Enterprise and Adventure/Sir Sydney Smith's Escape

SIR SIDNEY SMITH'S ESCAPE.




Sir Sidney Smith, who was charged by Admiral Hood with the duty of burning the French fleet at Toulon, in 1793, fell into the hands of the French two years later, and was treated with considerable severity as a prisoner of war. Confined in the Temple, that gloomy prison in Paris, in which the unfortunate Louis the Sixteenth and Marie Antoinette spent their last days, the unwholesome closeness of his dungeon brought on an illness which for a time threatened to put an end to his career. In this condition, prompted by the impulses of his own generous nature, he wrote a letter to Napoleon Bonaparte, imploring him to order that he, a dying prisoner, might be allowed to breathe the air beyond his prison walls. No answer was returned to this request; but Sir Sidney soon after reviving, a plan was successfully devised, by which he effected his escape.

A friend had provided him with a false passport, a sword, a pistol, and a loose great-coat; and thus provided, sleeping by night in obscure road-side cabarets, and by day proceeding cautiously by bye-roads, he made his way through Normandy. Following the windings of the Seine, and avoiding Rouen and other great cities, he finally got to the coast in the neighbourhood of Havre. This was a dangerous spot, for it was here that he had been captured, and consequently his person was known to the authorities; but he was aware that a number of British ships of war were blockading that port, and if he could only communicate with these, he knew that his escape would be easy. Having secreted himself in a little town at a considerable distance from the coast, he walked to the sea shore, where he arrived in the dusk of the evening, and here, at length, he was so fortunate as to find a solitary fisherman in charge of several boats. Sir Sidney, who had spoken French from a child with the fluency of a native, told the man that he had a particular reason for wishing to visit one of the English ships lying off the harbour, and that he would give a handsome reward to be conveyed aboard. The poor fisherman consented on condition that the stranger would wait till it was later, and meanwhile invited him to his cottage to take rest before starting. Sir Sidney accepted his offer, and followed him to a cottage, where a poor old woman, the fisherman's wife, spread a cloth and laid before them a good supper. But their guest was too unwell to eat, and was not unnaturally anxious lest the man should only have asked for delay in order to betray him. He was now, however, in their power, and it was useless to hesitate; so he merely asked for leave to lie down and sleep until the time to depart had arrived. The woman accordingly gave him a clean mattress in the room in which they sat; and here, worn out with a long day's walk, he wrapped himself in his cloak and slept.

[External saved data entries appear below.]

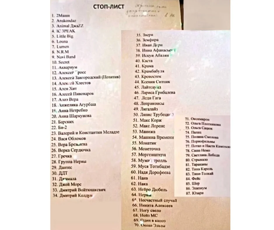Можно объяснить запрет на выступления российских групп и исполнителей, высказавшихся против войны, — от «Аквариума» до Васи Обломова, от «Ногу свело» до Оксимирона. Понятно включение украинских артистов: ну куда нынче «Океану Эльзы» в Минске выступать? Но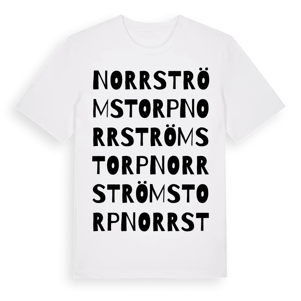 Norrströmstorp ordlek t-shirt är inspirerad av Norrströmstorp i Västmanlands län, Sverige. Tröjan är designad för dig som har en speciell koppling till platsen – oavsett om du bor här, har rötterna här eller bara älskar Norrströmstorp.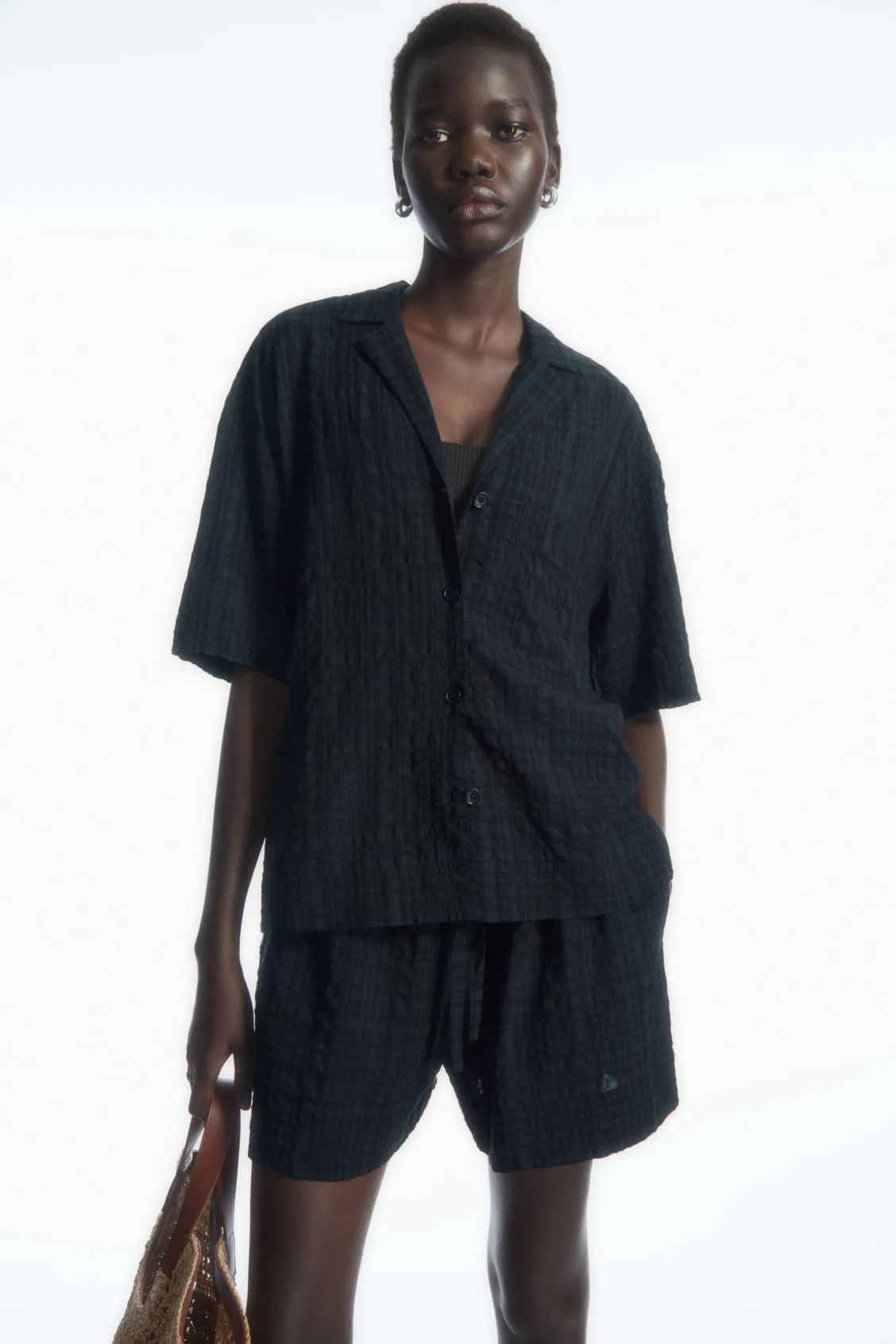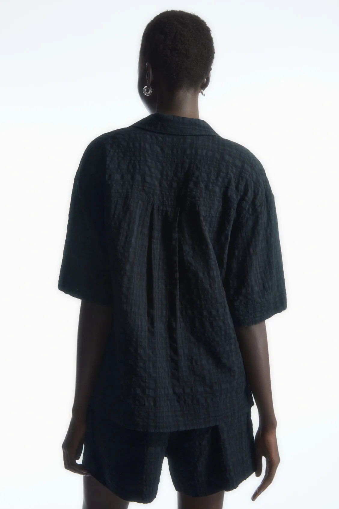 Эта креповая рубашка идеально подойдет для теплых летних вечеров. Модель изготовлена из дышащего хлопка с клетчатым переплетением, создающим фактурный эффект, с широким кубинским воротником и рукавами средней длины. Чтобы ансамбль получился гармоничным, носите его с подходящим предметом.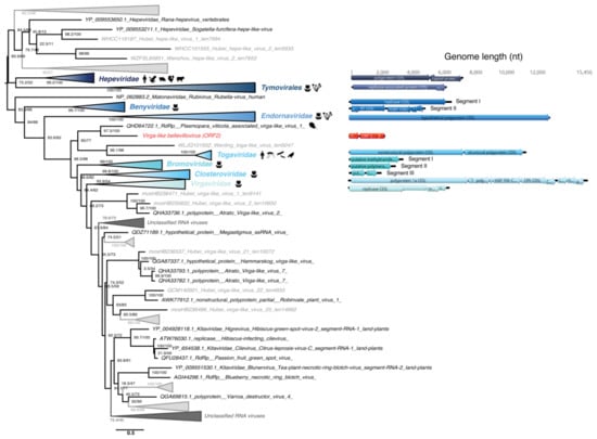 Phylogeny of the Hepe-Virga group RdRp. The hepe-virga-like sequence identified in this study is labeled in red. Unclassified sequences from [] are highlighted in grey. For clarity, some families or genera have been collapsed. Left, RdRp-based phylogenetic tree obtained using IQ-tree with bootstrap replicates and SH-aLTR set to 1000 (values in parenthesis). Right, genomic organizations of the new viruses as well as closest homologs and representative species from each family/genus as follows: Orthohepevirus A (Hepeviridae); Poinsettia mosaic virus (order Tymovirales); Wheat stripe mosaic virus (Benyviridae); Diatom colony associated dsRNA virus 15 (Endornaviridae); Cabassou virus (Togaviridae); Apple mosaic virus (Bromoviridae); Mint virus 1 (Closteroviridae); Cucumber mottle virus (Virgaviridae). The tree is mid-pointed rooted and branch lengths are scaled according to the number of amino acid substitutions per site.
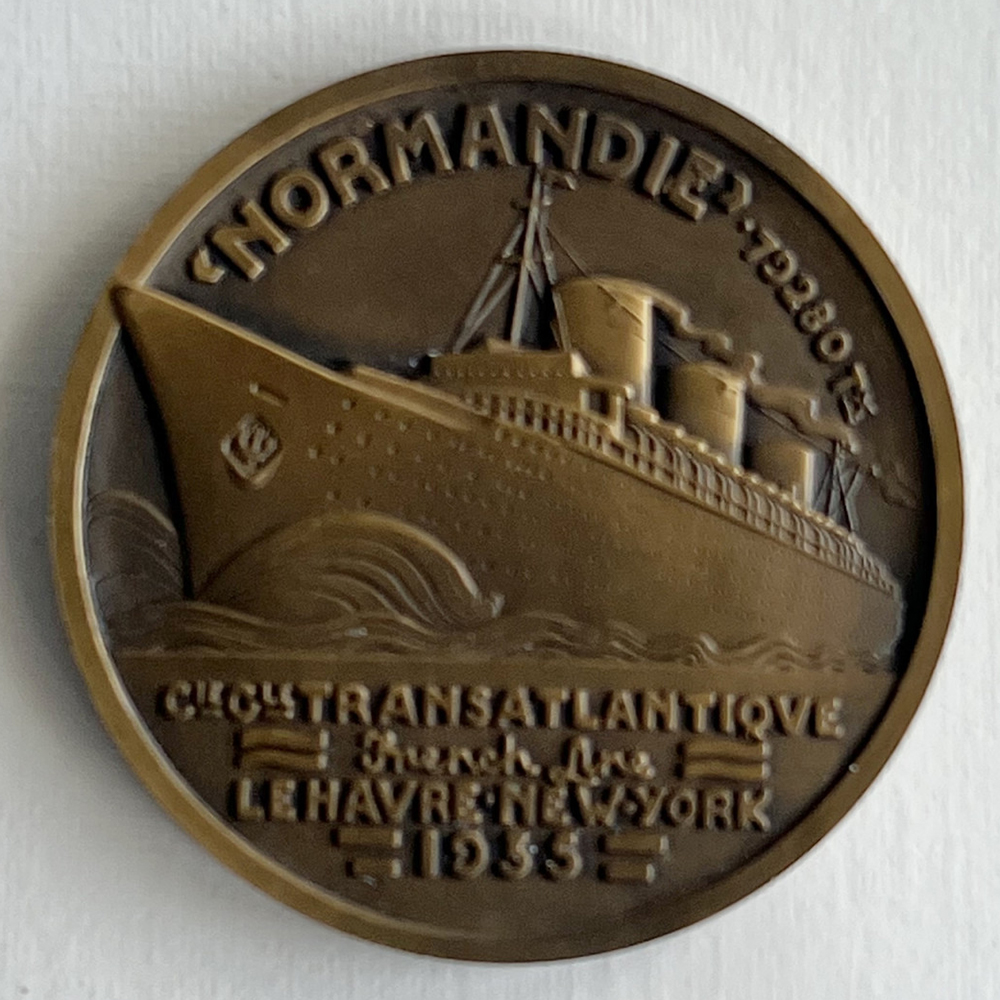 A bronze medallion commemorating the launch of the Compagnie Generale Transatlantique / The French Line’s luxury passenger ship, the S.S.Normandie in 1935.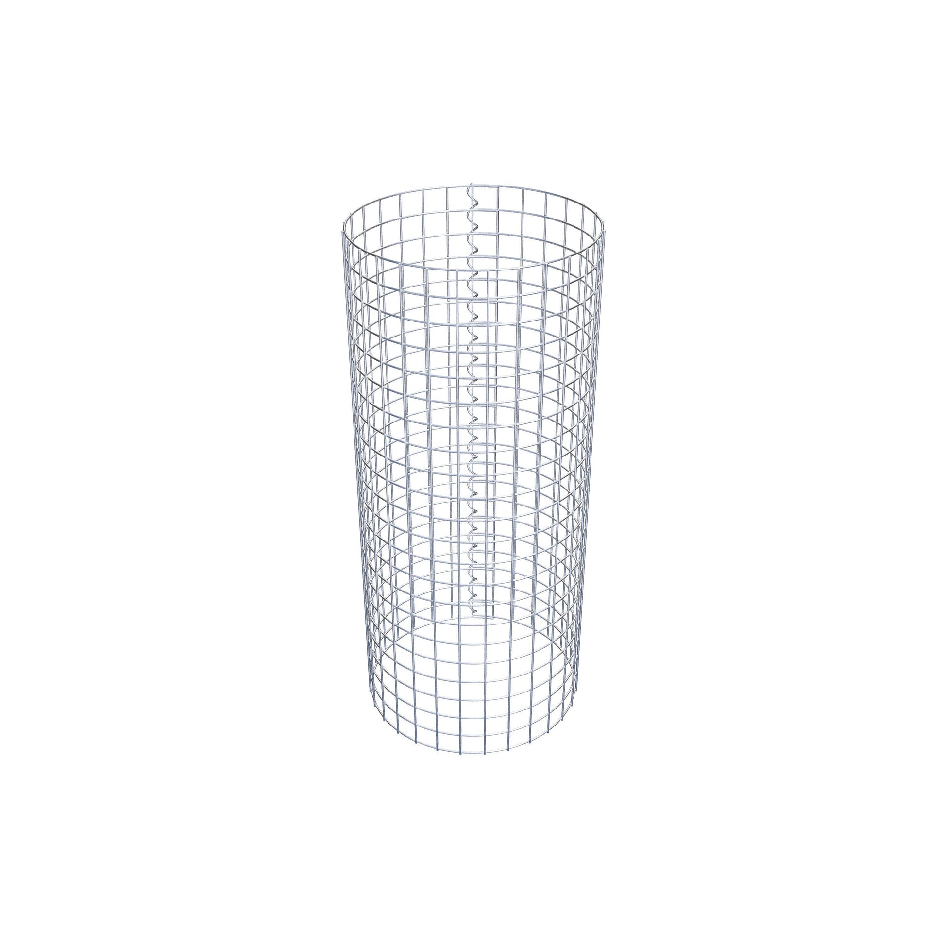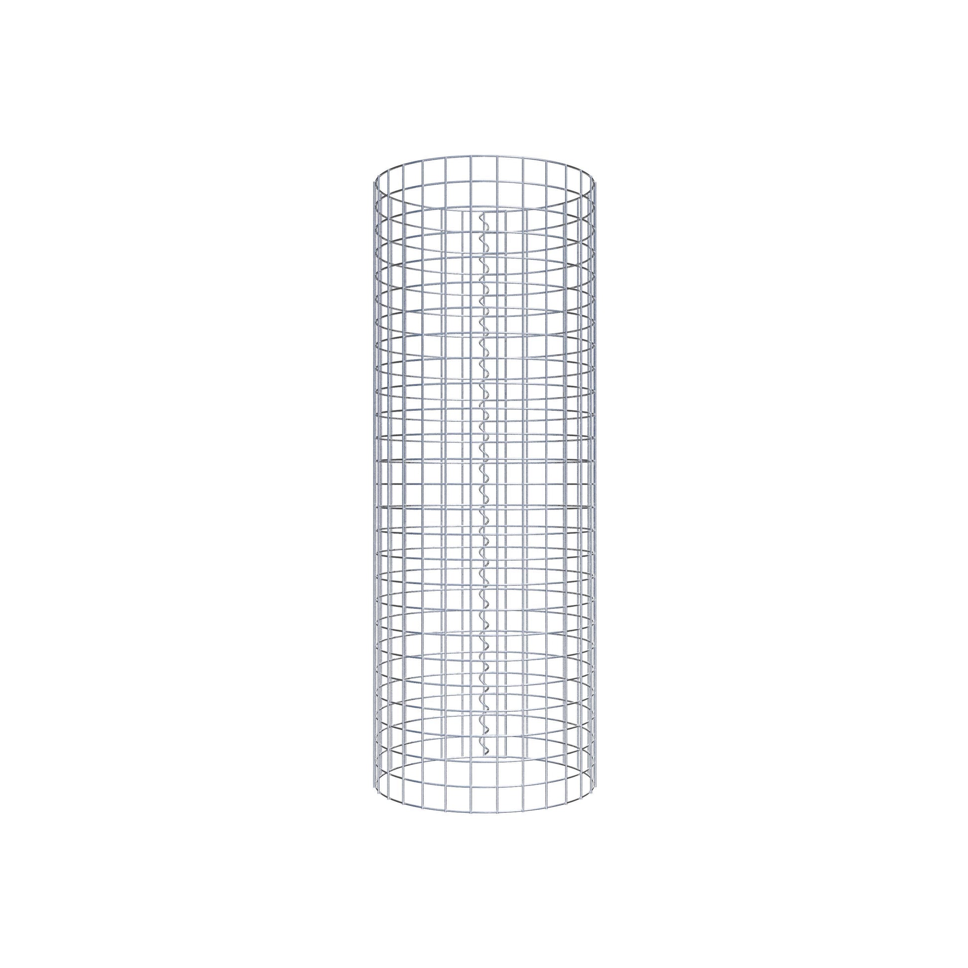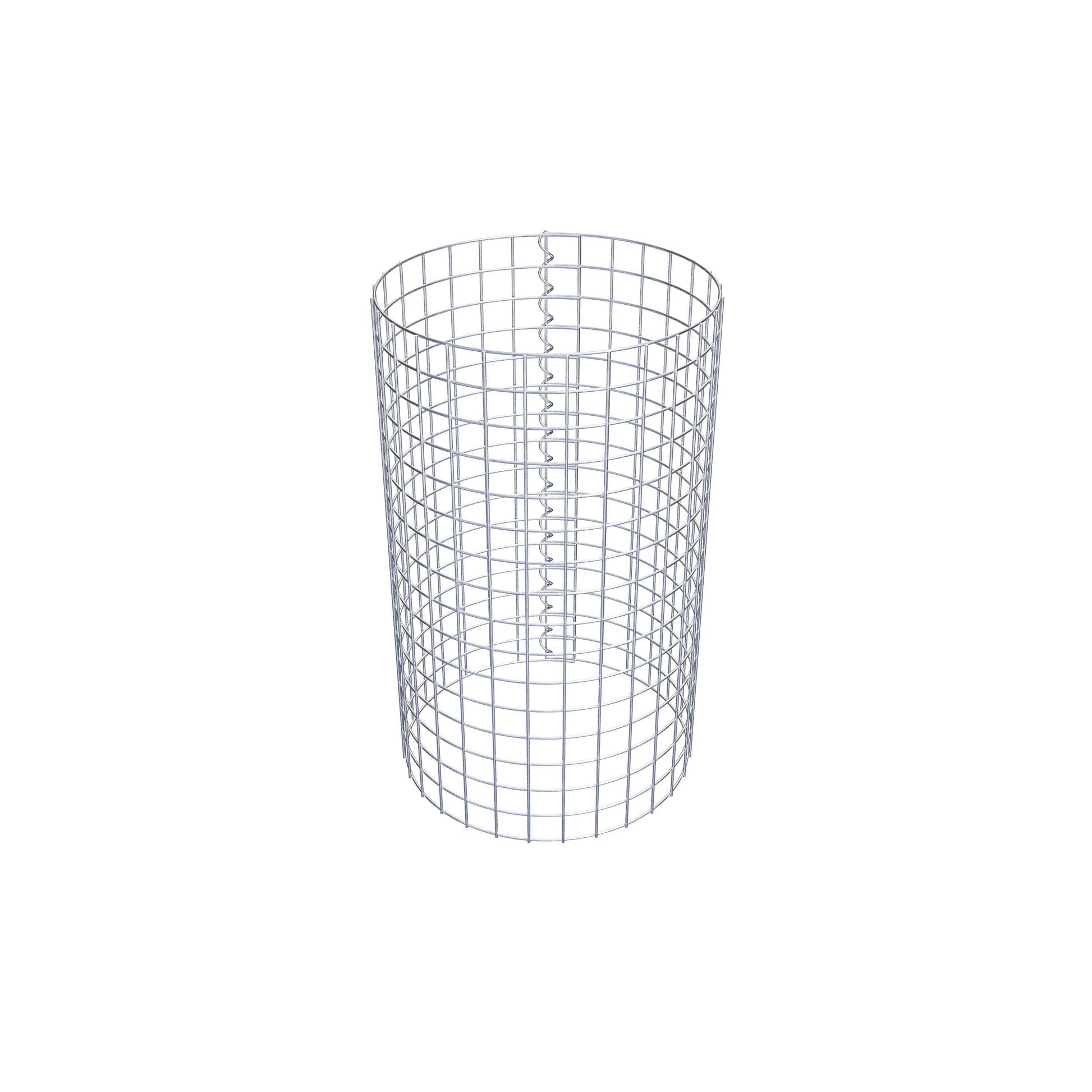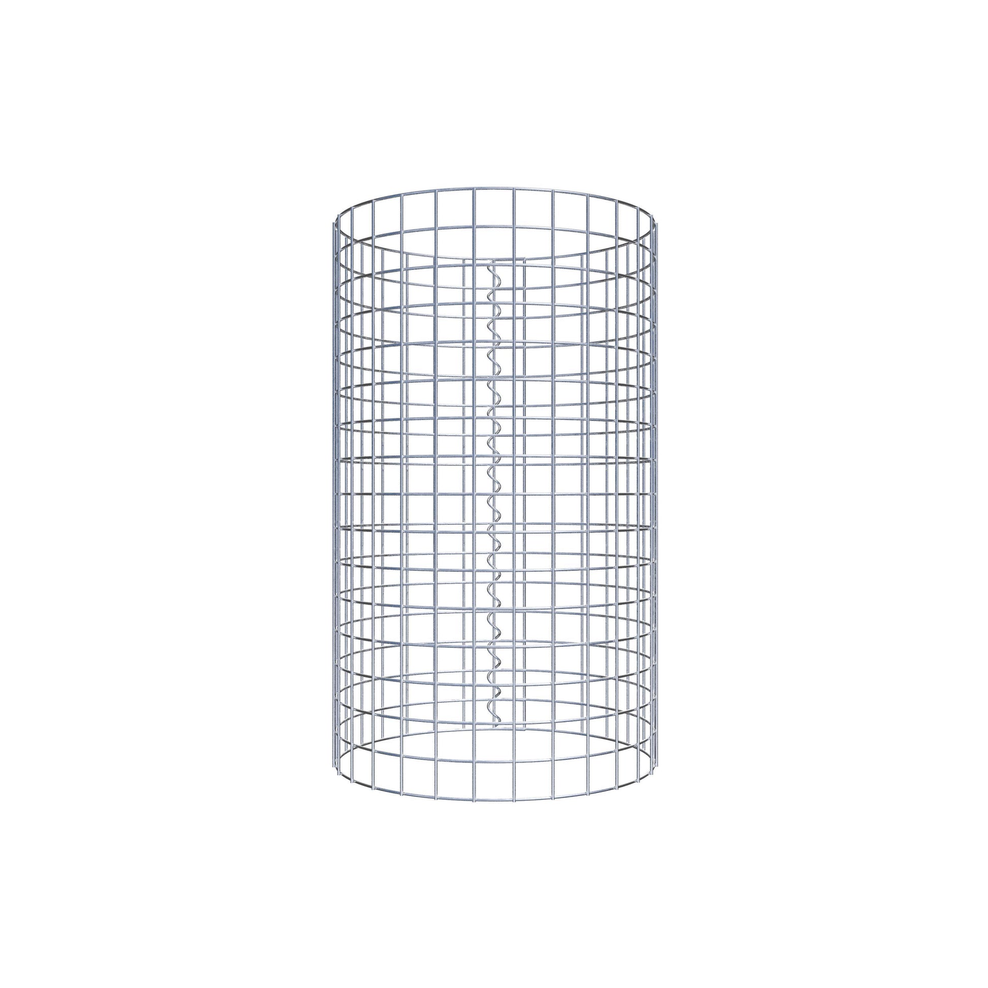 Der seitliche Verschluss erfolgt an der einzigen Überlappungsstelle des Gitters mit einer Spirale, die einfach eingedreht und zusammengedrückt wird. So entsteht eine saubere, sichere und dauerhafte Verbindung. Alternativ kann die Gabionensäule auch mit Klammern verschlossen werden, die separat erhältlich sind. Die Säulen sind nach oben und unten offen – ein Bodengitter oder Deckel ist nicht erforderlich und daher nicht im Lieferumfang enthalten.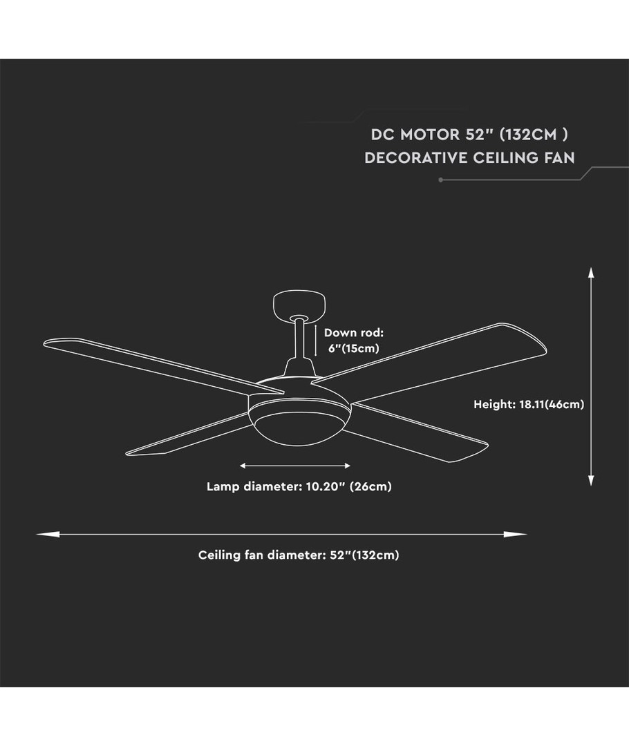 - Design: Utrustad med 4 blad och en stilren DC-motor, för både estetik och prestanda.

At the appointed hour the fisherman awoke his guest, and bade him follow him. Sir Sidney started from his place and obeyed, and with a joyful heart stepped into the boat which lay waiting for them in a little cove. Feeling himself once more upon his native element, after so many wanderings, the gallant sailor drew his cloak around him with an involuntary gesture of satisfaction, which the man observed, but mistook its meaning. To Sir Sidney's surprise, he laid his hand upon his shoulder, and said, "Do not hide yourself, sir, from me, for I have known you all along." Sir Sidney was scarcely alarmed by this speech, for they were alone and he was armed. "If you indeed know me," he said calmly, "who am I?" "You are Commodore Smith," replied the man; "you more than once gave me a glass of spirits with your own hands, when I have come in my boat, the 'Diamond,' on wet nights, to sell fish to your crew, and I should be a scoundrel if I betrayed you."

In telling this anecdote to a friend, long afterwards, Sir Sidney remarked, "You see by this occurrence that no man can be aware how the most apparently trifling events may influence his future safety, nor how humble may be the individual who may have his life or liberty in his hands. And thus, my friend, Almighty Providence appears to weave together all his creatures in a mutual kindly dependence, so that none may say, 'I can have no need of you.'" The little fishing-boat conveyed its freight safely to the side of a British man-of-war, the "Argo" frigate, which joyfully took him aboard, and without loss of time brought him to England, where the return from his perilous adventures, of this great favourite of the people, was welcomed with almost a national rejoicing.